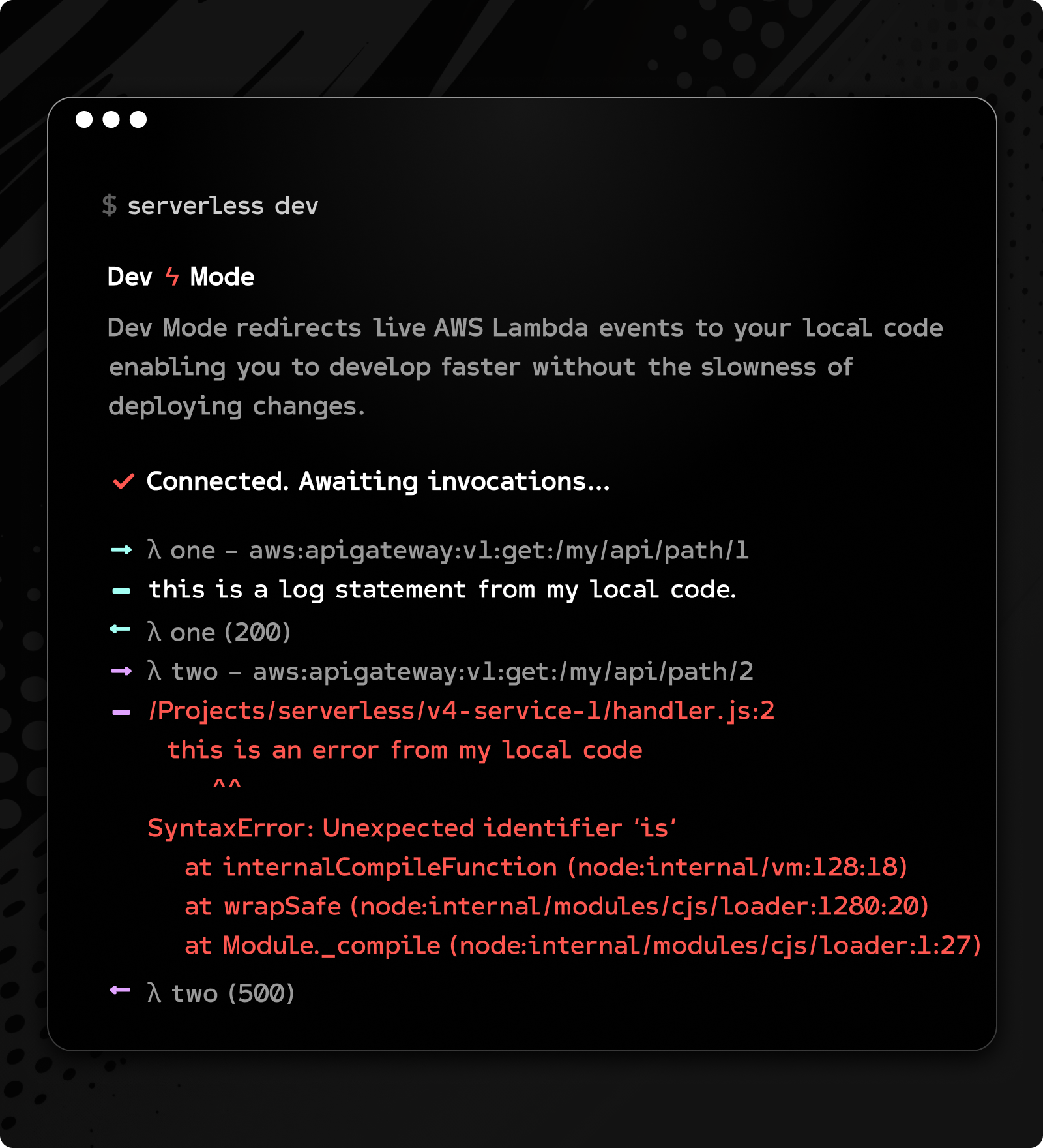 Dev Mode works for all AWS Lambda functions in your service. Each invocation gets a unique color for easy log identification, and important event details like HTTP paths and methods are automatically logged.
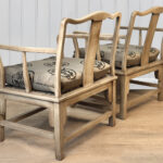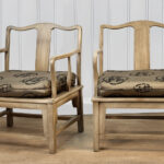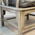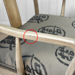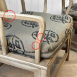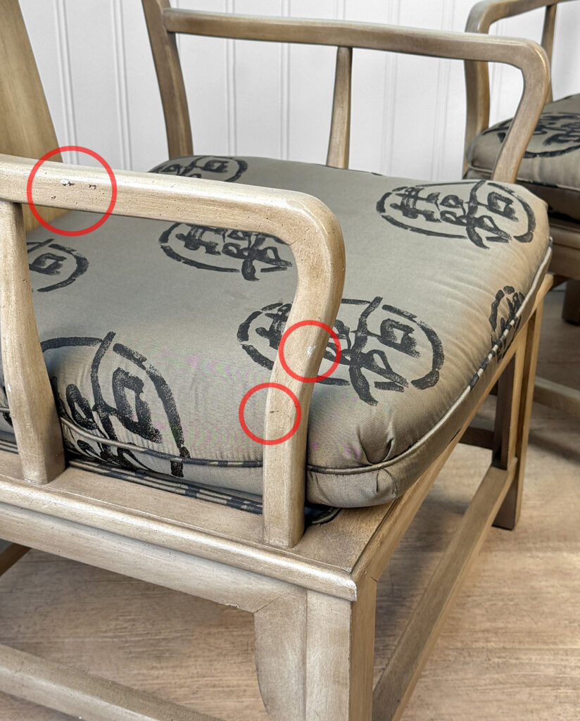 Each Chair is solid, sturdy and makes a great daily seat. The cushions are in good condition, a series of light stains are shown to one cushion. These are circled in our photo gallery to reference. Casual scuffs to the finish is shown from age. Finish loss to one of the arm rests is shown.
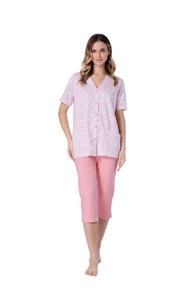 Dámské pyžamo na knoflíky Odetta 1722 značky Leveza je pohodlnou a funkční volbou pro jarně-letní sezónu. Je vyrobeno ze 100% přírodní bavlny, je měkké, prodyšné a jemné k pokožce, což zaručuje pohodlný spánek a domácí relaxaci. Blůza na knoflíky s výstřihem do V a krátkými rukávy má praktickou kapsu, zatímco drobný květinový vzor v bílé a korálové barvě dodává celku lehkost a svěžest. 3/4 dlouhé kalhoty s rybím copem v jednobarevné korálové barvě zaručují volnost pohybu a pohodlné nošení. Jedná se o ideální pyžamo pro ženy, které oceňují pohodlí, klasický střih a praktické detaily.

__INSTRUCTIONS TO FOLLOW__. Give back the whole of the material exactly, with the pictures removed.

__EXERCISE SOLUTION__.
 Dev Mode works for all AWS Lambda functions in your service. Each invocation gets a unique color for easy log identification, and important event details like HTTP paths and methods are automatically logged.
 Each Chair is solid, sturdy and makes a great daily seat. The cushions are in good condition, a series of light stains are shown to one cushion. These are circled in our photo gallery to reference. Casual scuffs to the finish is shown from age. Finish loss to one of the arm rests is shown.
 Dámské pyžamo na knoflíky Odetta 1722 značky Leveza je pohodlnou a funkční volbou pro jarně-letní sezónu. Je vyrobeno ze 100% přírodní bavlny, je měkké, prodyšné a jemné k pokožce, což zaručuje pohodlný spánek a domácí relaxaci. Blůza na knoflíky s výstřihem do V a krátkými rukávy má praktickou kapsu, zatímco drobný květinový vzor v bílé a korálové barvě dodává celku lehkost a svěžest. 3/4 dlouhé kalhoty s rybím copem v jednobarevné korálové barvě zaručují volnost pohybu a pohodlné nošení. Jedná se o ideální pyžamo pro ženy, které oceňují pohodlí, klasický střih a praktické detaily.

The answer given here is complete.